Among examples of that “we work,” she said, are:

  • Establishing the IDEA Scholars program.
  • Issuing IDEA mini-grants to financially support the work to achieve inclusivity at the college.

IDEA Scholars work on projects, plan events

The IDEA Scholars and Junior Scholars framework provides students with the opportunity to develop leadership skills and promote inclusivity by assisting with college programming and other projects.

The IDEA Scholars — Cynthia Mackey, Tasha Holmes and Trey Jenkins — are PhD students, each working on different projects, ranging from exploring ways the Watts community can learn from the experiences of Black students to reviewing the college curriculum for improvement opportunities

For example, Jenkins’ project involves creating an evaluation process.

“I began my project guiding the team of scholars — with support from Dr. Crudup — in a conversation that led to the co-creation of the IDEA mission, definitions of our key concepts and the foundation that the office will use to measure success,” Jenkins said. “Key to the mission of the IDEA Office is collaborative, active partnerships in creating a Watts College that is inclusive and anti-racist. Our next steps are to work with the college's diversity committee and other stakeholders to finalize language and measures of success.”

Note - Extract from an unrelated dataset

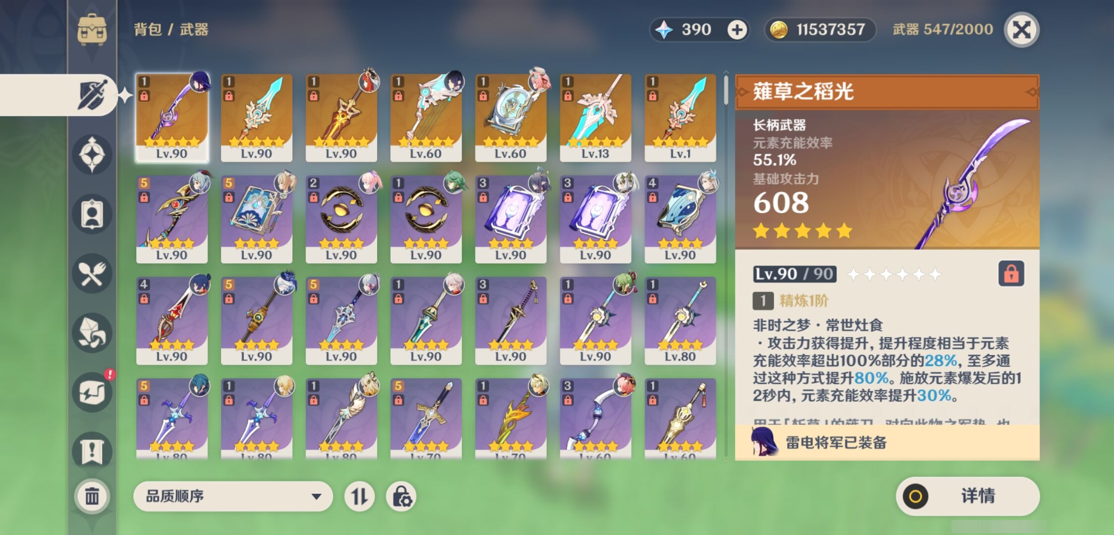 【7个五星武器】,精1薙草之稻光,精1天空之脊,精1圣显之钥,精1天空之翼,精1四风原典,精1天空之傲,精1天空之脊,3套,

Celebrating Black Brilliance, University Center, IDEA Office, Watts College, April 2022

IDEA Senior Scholar Cynthia Mackey, a Watts College PhD student, speaks to attendees on April 14 during the Celebrating Black Brilliance Event at the University Center on the Downtown Phoenix campus. Photo by Mark Scarp/ASU

Two Junior Scholars — Jeri Perkins and Qihao Zhan — are pursuing master’s degrees. They are implementing all of the college’s programming celebrating various heritage months, Crudup said. Heritage months honor and recognize underrepresented groups.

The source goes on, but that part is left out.